British grocer Tesco agreed to sell its South Korean business to a group led by private-equity firm MBK Partners for 4 billion pounds (US$6.1 billion) in a bid to ease the strain on its debt-laden balance sheet, Bloomberg News reported.
The deal will reduce borrowings by 4.23 billion pounds, Tesco said in a statement on Monday.
The group of buyers includes the Canada Pension Plan Investment Board, Public Sector Pension Investment Board and Temasek Holdings.
The sale represents a landmark for Tesco chief executive Dave Lewis in his efforts to revive the struggling retailer.

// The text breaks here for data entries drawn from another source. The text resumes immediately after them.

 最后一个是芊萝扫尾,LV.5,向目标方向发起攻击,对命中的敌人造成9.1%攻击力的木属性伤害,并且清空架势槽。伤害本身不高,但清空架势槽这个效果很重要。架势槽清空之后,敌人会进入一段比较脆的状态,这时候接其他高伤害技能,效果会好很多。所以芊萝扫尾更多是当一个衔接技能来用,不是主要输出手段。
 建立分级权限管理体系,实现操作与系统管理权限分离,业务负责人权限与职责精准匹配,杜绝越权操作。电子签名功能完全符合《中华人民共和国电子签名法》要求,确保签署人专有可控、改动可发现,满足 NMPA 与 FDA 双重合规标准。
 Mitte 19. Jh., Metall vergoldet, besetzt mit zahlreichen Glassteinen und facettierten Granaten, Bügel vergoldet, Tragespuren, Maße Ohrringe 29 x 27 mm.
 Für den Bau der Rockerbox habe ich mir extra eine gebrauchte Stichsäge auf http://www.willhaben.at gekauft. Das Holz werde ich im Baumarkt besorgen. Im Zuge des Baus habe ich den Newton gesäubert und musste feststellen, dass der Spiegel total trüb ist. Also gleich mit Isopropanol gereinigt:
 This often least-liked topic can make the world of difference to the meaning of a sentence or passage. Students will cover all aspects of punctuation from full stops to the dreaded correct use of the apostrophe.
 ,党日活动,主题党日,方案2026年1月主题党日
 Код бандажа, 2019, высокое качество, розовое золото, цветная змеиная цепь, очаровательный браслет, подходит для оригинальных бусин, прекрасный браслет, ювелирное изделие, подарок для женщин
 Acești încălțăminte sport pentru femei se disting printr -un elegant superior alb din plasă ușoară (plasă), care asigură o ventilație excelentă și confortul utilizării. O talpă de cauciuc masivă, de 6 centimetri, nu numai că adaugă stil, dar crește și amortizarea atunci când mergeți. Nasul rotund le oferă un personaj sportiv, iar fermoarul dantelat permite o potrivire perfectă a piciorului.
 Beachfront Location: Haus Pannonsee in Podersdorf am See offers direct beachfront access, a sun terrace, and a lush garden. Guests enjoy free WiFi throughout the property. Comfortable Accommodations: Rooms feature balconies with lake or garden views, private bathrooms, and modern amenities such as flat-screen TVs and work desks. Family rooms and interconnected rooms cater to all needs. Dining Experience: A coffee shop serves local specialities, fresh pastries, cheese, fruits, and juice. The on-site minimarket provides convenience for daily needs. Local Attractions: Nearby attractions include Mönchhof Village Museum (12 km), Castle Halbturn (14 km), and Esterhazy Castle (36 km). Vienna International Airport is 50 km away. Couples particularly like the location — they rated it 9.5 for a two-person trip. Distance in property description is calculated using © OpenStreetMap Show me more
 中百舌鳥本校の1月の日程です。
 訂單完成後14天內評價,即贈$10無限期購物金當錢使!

By exiting its largest international business, the company is taking a key step in trimming a debt pile of about 21.7 billion pounds that has led to its credit ratings being cut to junk, the news agency said.
Further divestments may follow, with Tesco also exploring the sale of its Dunnhumby data-analytics business, it said.
“Completing this disposal is very positive for Tesco’s balance sheet,” David Payne, an analyst at Nomura Holdings Inc., said by phone. “Investors have been getting more nervous about a possible rights issue at Tesco.”
Tesco will book a loss of about 150 million pounds from the sale.
Taxes and fees associated with the deal will reduce the net cash proceeds to about 3.35 billion pounds, to be paid in a combination of US dollars and Korean won.
The purchase values the unit’s equity at about US$4.9 billion, MBK said.
The grocer plans to use most of the money to pay off debt over the next 18 months.
The company also said it will be able to consider investment opportunities such as the “selective” purchase of some of the store properties it leases in the UK.
The acquisition gives the MBK-led group a discount store chain that’s second only to E-Mart in Korea, with 1,075 outlets generating annual revenue of more than US$8 billion.
E-Mart, part of the family-run Shinsegae Group, estimates it had 29 percent of the market last year, followed by Homeplus’ 25 percent and Lotte Mart’s 16 percent.